_Provided data_.
◆ ◆ ◆ ◆
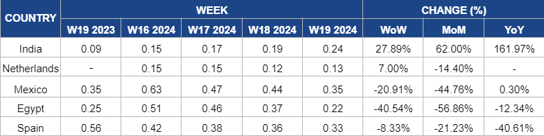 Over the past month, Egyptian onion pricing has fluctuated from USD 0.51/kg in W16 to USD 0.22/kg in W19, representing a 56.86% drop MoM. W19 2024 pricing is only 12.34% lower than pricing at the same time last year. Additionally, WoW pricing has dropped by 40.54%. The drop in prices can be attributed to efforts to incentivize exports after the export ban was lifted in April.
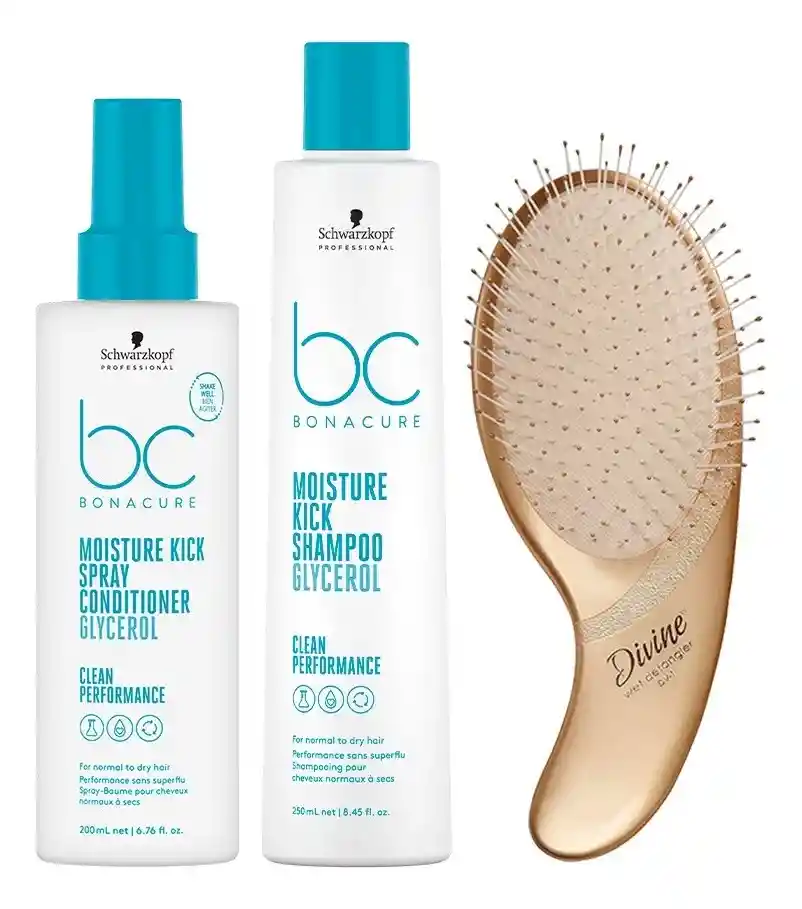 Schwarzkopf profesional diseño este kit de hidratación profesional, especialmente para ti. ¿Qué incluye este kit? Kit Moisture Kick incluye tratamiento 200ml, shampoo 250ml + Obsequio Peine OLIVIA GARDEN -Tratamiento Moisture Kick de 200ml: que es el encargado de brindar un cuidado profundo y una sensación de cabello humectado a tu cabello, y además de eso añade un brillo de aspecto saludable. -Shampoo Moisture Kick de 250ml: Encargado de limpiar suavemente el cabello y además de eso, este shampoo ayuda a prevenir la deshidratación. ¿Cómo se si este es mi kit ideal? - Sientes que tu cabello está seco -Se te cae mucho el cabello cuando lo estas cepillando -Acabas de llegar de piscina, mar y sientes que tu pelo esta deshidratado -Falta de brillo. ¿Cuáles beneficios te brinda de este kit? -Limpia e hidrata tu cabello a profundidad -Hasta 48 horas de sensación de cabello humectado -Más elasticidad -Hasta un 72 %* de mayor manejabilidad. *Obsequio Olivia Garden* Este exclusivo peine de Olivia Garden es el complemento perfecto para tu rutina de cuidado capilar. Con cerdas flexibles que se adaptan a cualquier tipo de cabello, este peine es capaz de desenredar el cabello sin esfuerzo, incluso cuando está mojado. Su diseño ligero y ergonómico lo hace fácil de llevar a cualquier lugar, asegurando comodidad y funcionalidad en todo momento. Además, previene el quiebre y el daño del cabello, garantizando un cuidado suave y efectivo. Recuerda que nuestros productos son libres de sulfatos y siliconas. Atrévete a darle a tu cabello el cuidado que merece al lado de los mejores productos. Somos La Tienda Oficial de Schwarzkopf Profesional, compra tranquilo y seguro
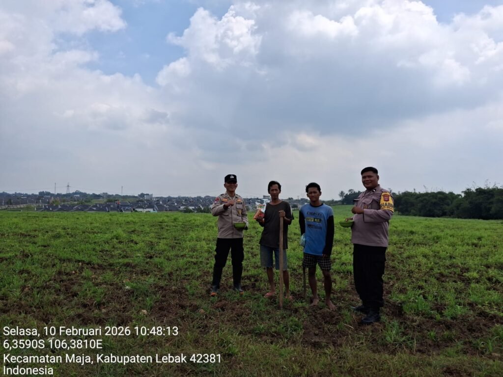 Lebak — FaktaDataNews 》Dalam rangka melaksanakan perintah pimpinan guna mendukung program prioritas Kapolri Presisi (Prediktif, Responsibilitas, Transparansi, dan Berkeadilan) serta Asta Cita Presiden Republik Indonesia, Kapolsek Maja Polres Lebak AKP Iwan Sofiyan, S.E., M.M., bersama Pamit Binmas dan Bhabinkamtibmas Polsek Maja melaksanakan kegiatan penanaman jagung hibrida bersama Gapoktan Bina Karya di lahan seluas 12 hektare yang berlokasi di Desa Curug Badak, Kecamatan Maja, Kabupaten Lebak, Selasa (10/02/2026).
◆ ◆ ◆ ◆
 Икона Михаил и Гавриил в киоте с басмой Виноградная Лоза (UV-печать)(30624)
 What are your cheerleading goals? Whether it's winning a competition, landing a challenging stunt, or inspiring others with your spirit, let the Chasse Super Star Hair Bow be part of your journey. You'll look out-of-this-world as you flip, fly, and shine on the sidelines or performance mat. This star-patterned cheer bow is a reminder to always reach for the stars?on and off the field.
◆ ◆ ◆ ◆
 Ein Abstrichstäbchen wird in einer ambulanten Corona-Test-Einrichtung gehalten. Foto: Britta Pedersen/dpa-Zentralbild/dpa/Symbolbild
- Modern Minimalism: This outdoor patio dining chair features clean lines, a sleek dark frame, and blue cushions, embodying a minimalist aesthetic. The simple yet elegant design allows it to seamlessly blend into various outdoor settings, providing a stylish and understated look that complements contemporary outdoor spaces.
◆ ◆ ◆ ◆
All lines above from the one containing "Ein Abstrichstäbchen wird" to the one containing "- Modern Minimalism: This" must be repeated exactly, both lines included, and no others.

_Answer box_.
 Ein Abstrichstäbchen wird in einer ambulanten Corona-Test-Einrichtung gehalten. Foto: Britta Pedersen/dpa-Zentralbild/dpa/Symbolbild
- Modern Minimalism: This outdoor patio dining chair features clean lines, a sleek dark frame, and blue cushions, embodying a minimalist aesthetic. The simple yet elegant design allows it to seamlessly blend into various outdoor settings, providing a stylish and understated look that complements contemporary outdoor spaces.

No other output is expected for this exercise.